Here Borbély weaves the liturgy of Passover, the archetypal story of Jewish liberation, into the genocidal violence of Auschwitz. The poem ends with a final, devastating juxtaposition, this time quoting “Chad Gadya,” the Aramaic children’s song sung joyously at the end of a seder, as it shifts focus from Moll to one of his young victims:
“A little goat,”
mumbled a small child, “a little goat,”
and squeezed the hand of his Mammele
as they walked toward the ovens.
Here Borbély approaches over-sentimentality, but holds back just before he crosses that line. This stanza demonstrates his ability to signal, with a vivid detail, the inexpressible suffering of which our world is both progenitor and heir.
Dead and dying children recur throughout Borbély’s poetry and symbolize for him the impossibility of any redemption outside death. In an essay on the Nobel Prize-winning Hungarian Jewish writer Imre Kertész, Borbély writes that a child “is always the embodiment of the Messiah, or—to put it differently—of the Redeemer.” A dead child is, therefore, a brutal reminder that messianic eschatology, and its promise of a joyous redemption, is a fairy tale.

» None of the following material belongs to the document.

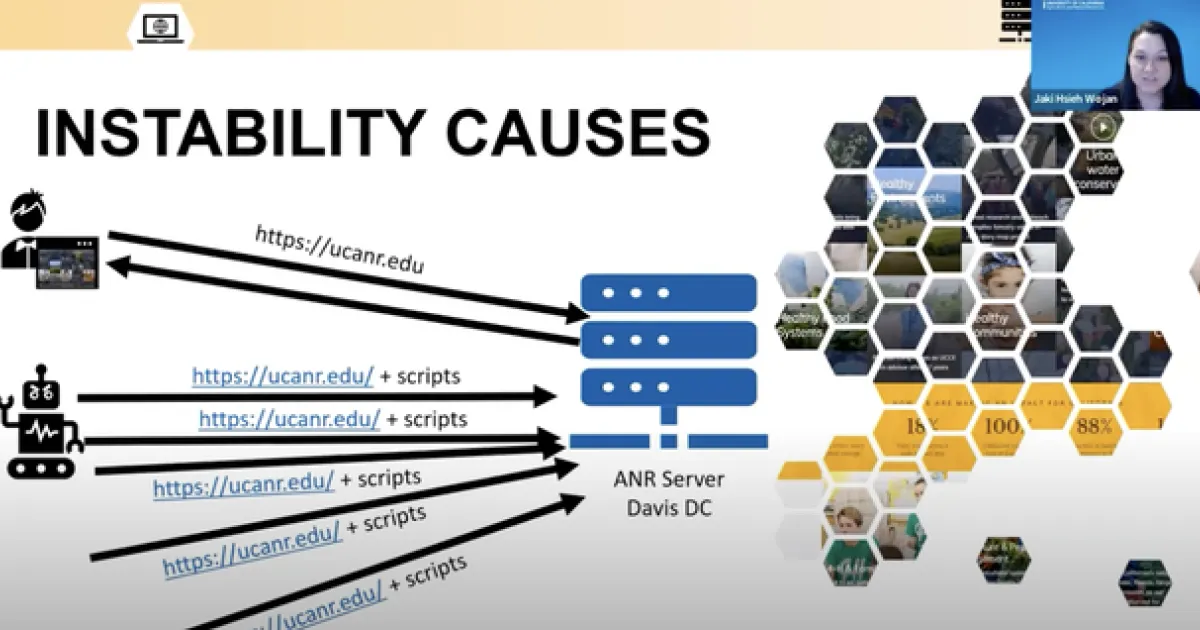 At UC ANR's July Town Hall, Jaki Hsieh Wojan, UC ANR's chief information security officer, explained ANR's recent website and portal issues and the steps being taken to solve them. Below are questions that were asked during the town hall.

This impossibility of messianic redemption is as central to Borbély’s theology as it is to the childhood of The Dispossessed’s narrator; the closest person in that novel to a messiah is an intellectually disabled man named Messiyah, whom villagers hire to clean their outhouses. In this anti-redemptive theology, Borbély sometimes seems like a bleaker version of Yeshayahu Leibowitz, the iconoclastic Orthodox Israeli theologian who maintained that “the messiah will come, forever . . . Any messiah who comes is a false messiah. The essence of the messiah is that he always will be coming.”
“The Sequence of Isaac Taub,” a poem based loosely on a Hungarian Hasidic folk song, describes the messiah appearing to a rabbi in the form of a bird. But when the rabbi does not sing, the messiah-bird grows depressed and becomes mute. The last verse of the original Hasidic folk song ends with a rooster crowing, “When will it be? When will it be? / When the Temple stands again, / and Zion is rebuilt,” a classic articulation of Jewish messianic faith. Borbély asks the same question, but with a very different answer: “Never shall that bird ascend, / just he who sings these words.”

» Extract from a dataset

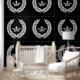 Add a touch of class and elegance with this crown and laurel leaf wreath design in black and white.

The specific theological meaning here is cryptic, in a way typical of Borbély’s weaker poetic moments; he sometimes falls into abstraction or obscurity, where specificity and vividness might be more compelling. What, after all, does it mean, and what is at stake in Borbély’s poetic theology, for this mute messiah-bird to ascend, or not? Either way, the eschatological prognosis is clear: don’t bother pinning your hopes on messianic redemption. The only certainties are that redemption is impossible, and that you will die.
Despite its occasional obscurity, the poetry of Final Matters is a tremendous achievement, and shows that Borbély should be considered not just among the great writers of post-Soviet Europe, but also of contemporary Judaism. Like so many Central and Eastern European Jews, Borbély learned his Jewishness through a combination of shame, violence, and secret ritual. But he expressed and responded to this inheritance with a beautiful, grief-stricken body of work that broadens the possibilities for modern Jewish writing.

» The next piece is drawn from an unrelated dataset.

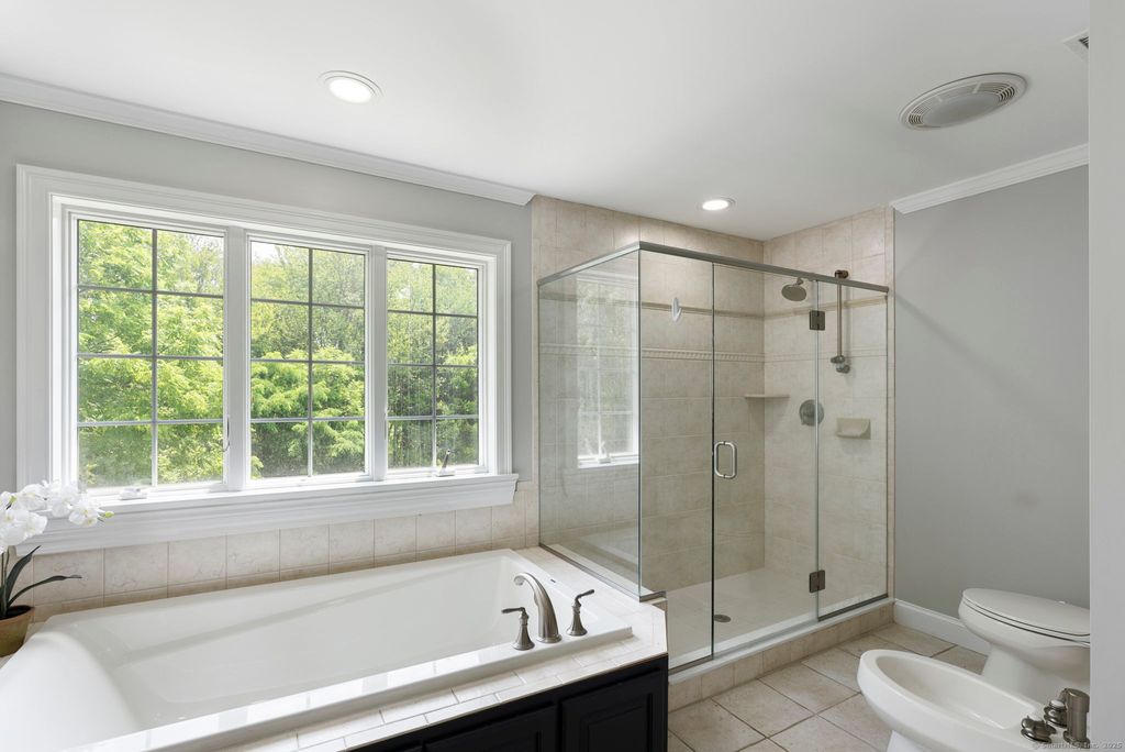 Motivated Sellers! Welcome to this beautifully designed, custom-built Colonial, situated in a highly desirable neighborhood near Westfarms Mall, UConn Health, grocery stores, and sports facilities. A striking two-story foyer, featuring a dramatic Palladian window, fills the entrance with natural light. The main level features an open floor plan with gleaming hardwood floors, high ceilings, and expansive windows. The spacious kitchen boasts granite countertops, a center island, and direct access to the deck, making it an ideal space for indoor-outdoor living. The family room offers a vaulted ceiling, a custom-built entertainment center, and a charming bench seat with hidden storage, perfect for relaxing. A formal dining room and a bright living room with a fireplace complete the main floor. Upstairs, you'll find four generous bedrooms, including a luxurious primary suite with a walk-in shower and a soaking tub. The finished walk-out lower level includes a half bath, second kitchen, and access to a private patio. Additional highlights include two sets of washer/dryers, an efficient propane heating system, on-demand hot water, and an electric car charger. Comfortable, modern, convenient, and full of character-this home is ready to welcome you!

Perhaps a sustained engagement with the theological traditions of Europe’s vibrant Jewish past, combined with an uncompromising consideration of its traumatized Jewish present, might give rise to a new, radically expansive, and deeply rooted form of Jewish religious discourse. In Final Matters, Borbély has set forth what is at once a groundwork for, and a vital contribution to, such a literature.
Daniel Kraft is a writer, translator, and educator living in Richmond, Virginia.